▶ [DIRECTIONS] Copy out exactly the lines below that run from the one holding "Knowing the file" to the one holding "Cartões de proposta", keeping both of those lines and no others.

▶ [DATA SUPPLIED]
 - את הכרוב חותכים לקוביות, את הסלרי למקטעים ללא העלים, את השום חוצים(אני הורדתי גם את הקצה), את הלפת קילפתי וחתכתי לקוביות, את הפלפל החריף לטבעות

==

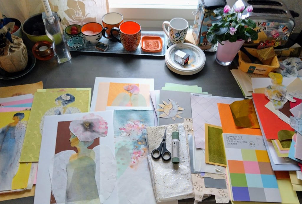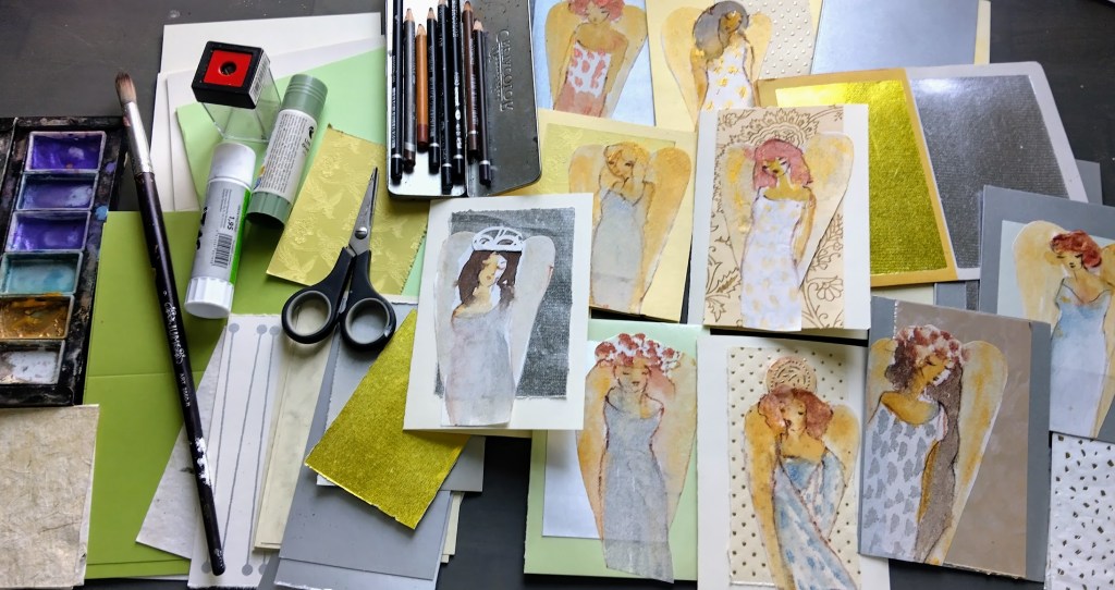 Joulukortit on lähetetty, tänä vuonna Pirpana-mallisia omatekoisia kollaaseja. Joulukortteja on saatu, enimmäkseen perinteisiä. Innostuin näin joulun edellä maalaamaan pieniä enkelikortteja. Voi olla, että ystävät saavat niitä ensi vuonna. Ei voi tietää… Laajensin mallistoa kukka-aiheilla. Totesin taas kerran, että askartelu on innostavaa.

...

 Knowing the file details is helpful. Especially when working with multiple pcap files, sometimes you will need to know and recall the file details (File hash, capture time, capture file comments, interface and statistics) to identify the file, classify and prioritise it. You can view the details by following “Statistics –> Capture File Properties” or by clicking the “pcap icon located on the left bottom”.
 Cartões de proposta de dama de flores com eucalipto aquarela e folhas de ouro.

▶ [RESPONSE TO THE EXERCISE]
 Knowing the file details is helpful. Especially when working with multiple pcap files, sometimes you will need to know and recall the file details (File hash, capture time, capture file comments, interface and statistics) to identify the file, classify and prioritise it. You can view the details by following “Statistics –> Capture File Properties” or by clicking the “pcap icon located on the left bottom”.
 Cartões de proposta de dama de flores com eucalipto aquarela e folhas de ouro.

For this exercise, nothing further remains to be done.